WHAT YOU WILL DO: If pictures appear in the lines below, skip them and copy exactly the lines from the one containing "星食は月が恒星を隠す天文現象" through the one containing "BirthdaysFriday (8/15): Jimmy", and nothing else.

RECORDS FOR THE TASK:

^^^^

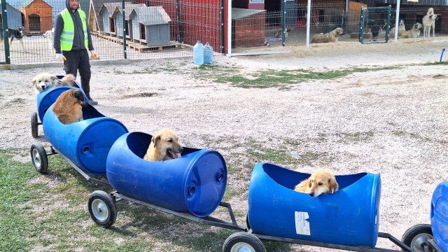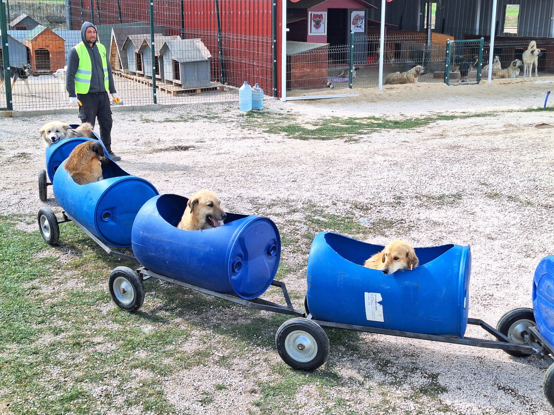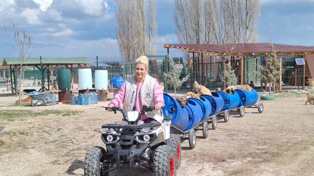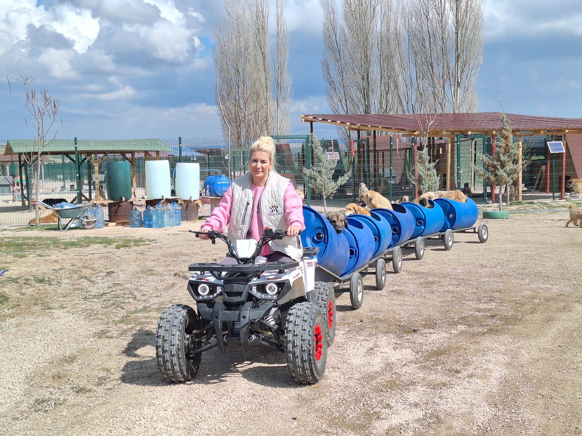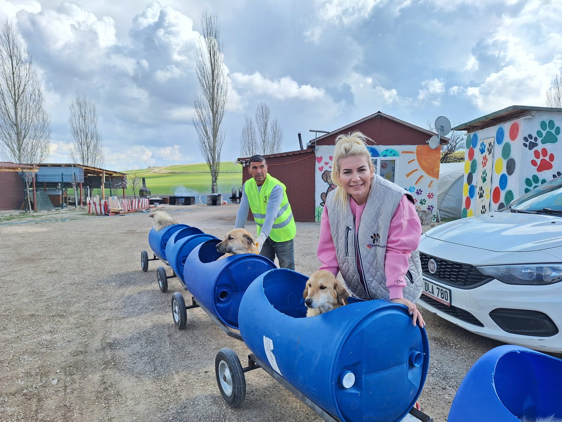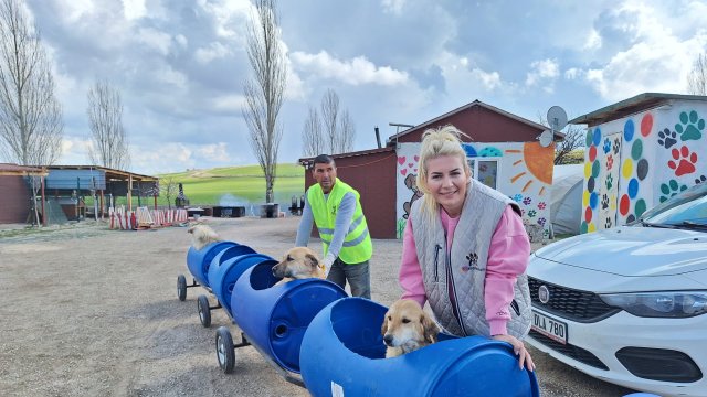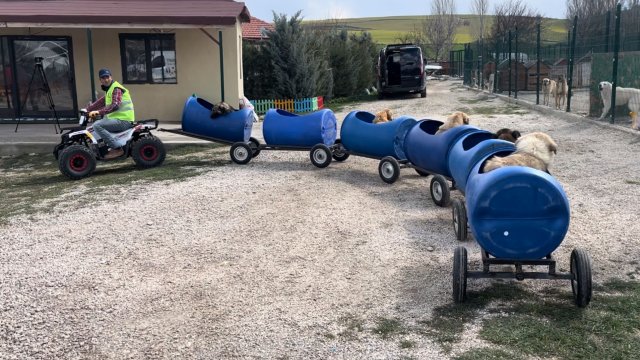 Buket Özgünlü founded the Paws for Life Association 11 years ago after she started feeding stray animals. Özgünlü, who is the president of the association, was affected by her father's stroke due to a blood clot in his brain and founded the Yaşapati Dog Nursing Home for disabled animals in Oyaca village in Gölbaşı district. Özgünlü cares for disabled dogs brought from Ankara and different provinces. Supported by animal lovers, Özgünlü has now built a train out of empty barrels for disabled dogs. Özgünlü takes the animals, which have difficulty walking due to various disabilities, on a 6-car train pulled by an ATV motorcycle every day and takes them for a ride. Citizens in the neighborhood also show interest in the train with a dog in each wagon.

^^^^

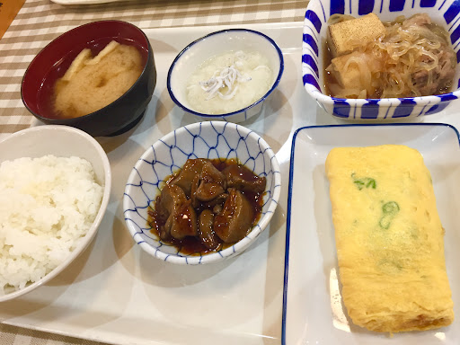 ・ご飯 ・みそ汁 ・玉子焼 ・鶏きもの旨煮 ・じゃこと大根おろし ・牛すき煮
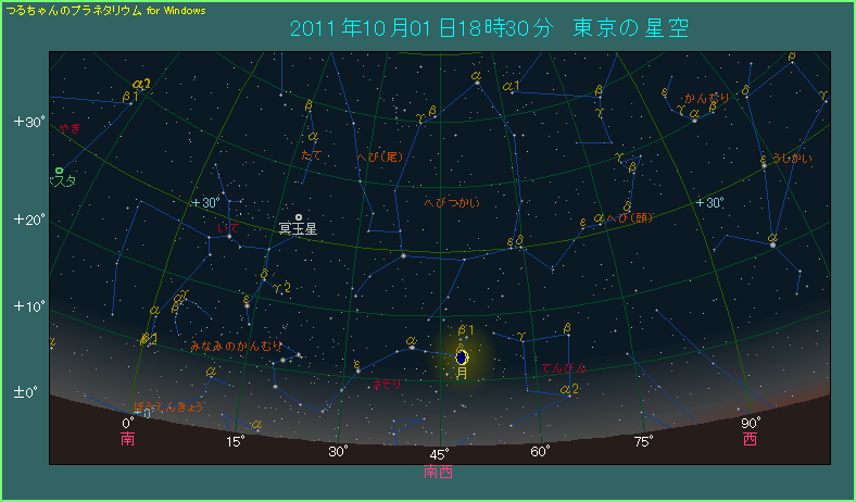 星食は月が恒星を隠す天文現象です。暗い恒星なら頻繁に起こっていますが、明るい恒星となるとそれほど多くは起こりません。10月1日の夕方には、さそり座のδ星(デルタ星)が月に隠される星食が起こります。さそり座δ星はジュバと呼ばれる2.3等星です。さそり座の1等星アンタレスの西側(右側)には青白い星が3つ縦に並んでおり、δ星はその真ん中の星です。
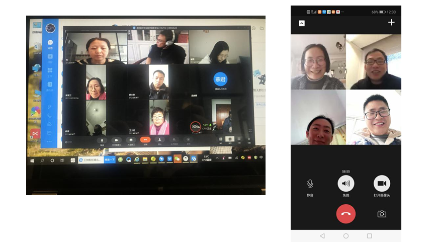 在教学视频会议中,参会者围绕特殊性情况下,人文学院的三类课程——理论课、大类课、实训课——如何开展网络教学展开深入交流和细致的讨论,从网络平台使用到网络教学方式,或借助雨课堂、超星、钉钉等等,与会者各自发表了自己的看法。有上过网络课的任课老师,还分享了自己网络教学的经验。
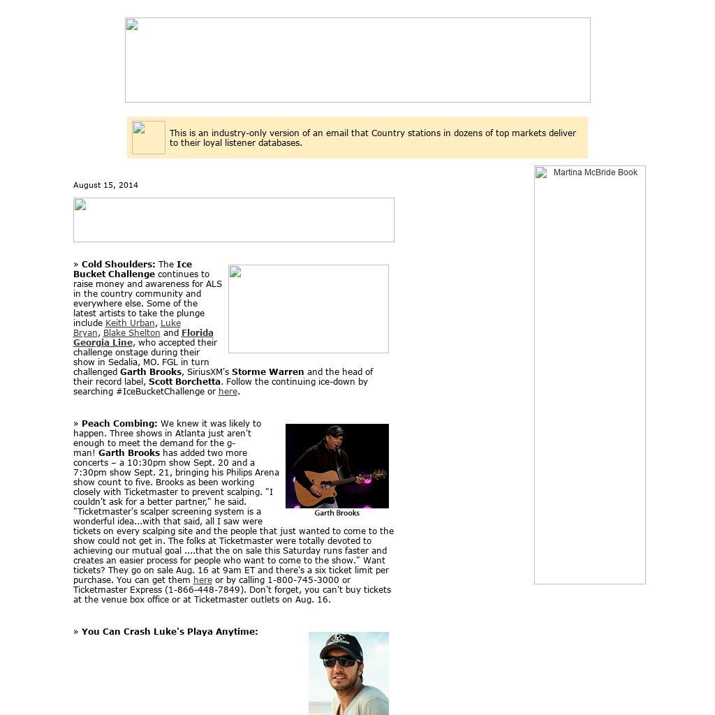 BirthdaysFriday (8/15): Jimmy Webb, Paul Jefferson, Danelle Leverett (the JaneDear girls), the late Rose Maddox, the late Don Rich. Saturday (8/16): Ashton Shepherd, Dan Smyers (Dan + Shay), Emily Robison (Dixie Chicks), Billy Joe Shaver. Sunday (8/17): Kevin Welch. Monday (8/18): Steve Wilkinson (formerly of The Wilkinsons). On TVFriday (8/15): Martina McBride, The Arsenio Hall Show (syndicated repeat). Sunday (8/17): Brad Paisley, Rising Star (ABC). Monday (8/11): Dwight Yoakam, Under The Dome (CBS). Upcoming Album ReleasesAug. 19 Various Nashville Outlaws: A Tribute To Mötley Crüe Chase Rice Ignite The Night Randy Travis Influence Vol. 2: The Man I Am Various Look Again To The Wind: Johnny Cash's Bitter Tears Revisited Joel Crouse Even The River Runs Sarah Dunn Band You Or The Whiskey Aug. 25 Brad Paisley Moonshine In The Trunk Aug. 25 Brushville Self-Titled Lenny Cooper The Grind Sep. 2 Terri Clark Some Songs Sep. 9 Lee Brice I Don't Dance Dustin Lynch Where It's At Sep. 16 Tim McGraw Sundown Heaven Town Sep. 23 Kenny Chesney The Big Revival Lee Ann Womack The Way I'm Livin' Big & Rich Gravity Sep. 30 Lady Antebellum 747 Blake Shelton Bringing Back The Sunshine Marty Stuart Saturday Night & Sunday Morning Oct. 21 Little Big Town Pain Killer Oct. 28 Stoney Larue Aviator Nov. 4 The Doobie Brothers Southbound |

^^^^

ANSWER TO THE EXERCISE:
 星食は月が恒星を隠す天文現象です。暗い恒星なら頻繁に起こっていますが、明るい恒星となるとそれほど多くは起こりません。10月1日の夕方には、さそり座のδ星(デルタ星)が月に隠される星食が起こります。さそり座δ星はジュバと呼ばれる2.3等星です。さそり座の1等星アンタレスの西側(右側)には青白い星が3つ縦に並んでおり、δ星はその真ん中の星です。
 在教学视频会议中,参会者围绕特殊性情况下,人文学院的三类课程——理论课、大类课、实训课——如何开展网络教学展开深入交流和细致的讨论,从网络平台使用到网络教学方式,或借助雨课堂、超星、钉钉等等,与会者各自发表了自己的看法。有上过网络课的任课老师,还分享了自己网络教学的经验。
 BirthdaysFriday (8/15): Jimmy Webb, Paul Jefferson, Danelle Leverett (the JaneDear girls), the late Rose Maddox, the late Don Rich. Saturday (8/16): Ashton Shepherd, Dan Smyers (Dan + Shay), Emily Robison (Dixie Chicks), Billy Joe Shaver. Sunday (8/17): Kevin Welch. Monday (8/18): Steve Wilkinson (formerly of The Wilkinsons). On TVFriday (8/15): Martina McBride, The Arsenio Hall Show (syndicated repeat). Sunday (8/17): Brad Paisley, Rising Star (ABC). Monday (8/11): Dwight Yoakam, Under The Dome (CBS). Upcoming Album ReleasesAug. 19 Various Nashville Outlaws: A Tribute To Mötley Crüe Chase Rice Ignite The Night Randy Travis Influence Vol. 2: The Man I Am Various Look Again To The Wind: Johnny Cash's Bitter Tears Revisited Joel Crouse Even The River Runs Sarah Dunn Band You Or The Whiskey Aug. 25 Brad Paisley Moonshine In The Trunk Aug. 25 Brushville Self-Titled Lenny Cooper The Grind Sep. 2 Terri Clark Some Songs Sep. 9 Lee Brice I Don't Dance Dustin Lynch Where It's At Sep. 16 Tim McGraw Sundown Heaven Town Sep. 23 Kenny Chesney The Big Revival Lee Ann Womack The Way I'm Livin' Big & Rich Gravity Sep. 30 Lady Antebellum 747 Blake Shelton Bringing Back The Sunshine Marty Stuart Saturday Night & Sunday Morning Oct. 21 Little Big Town Pain Killer Oct. 28 Stoney Larue Aviator Nov. 4 The Doobie Brothers Southbound |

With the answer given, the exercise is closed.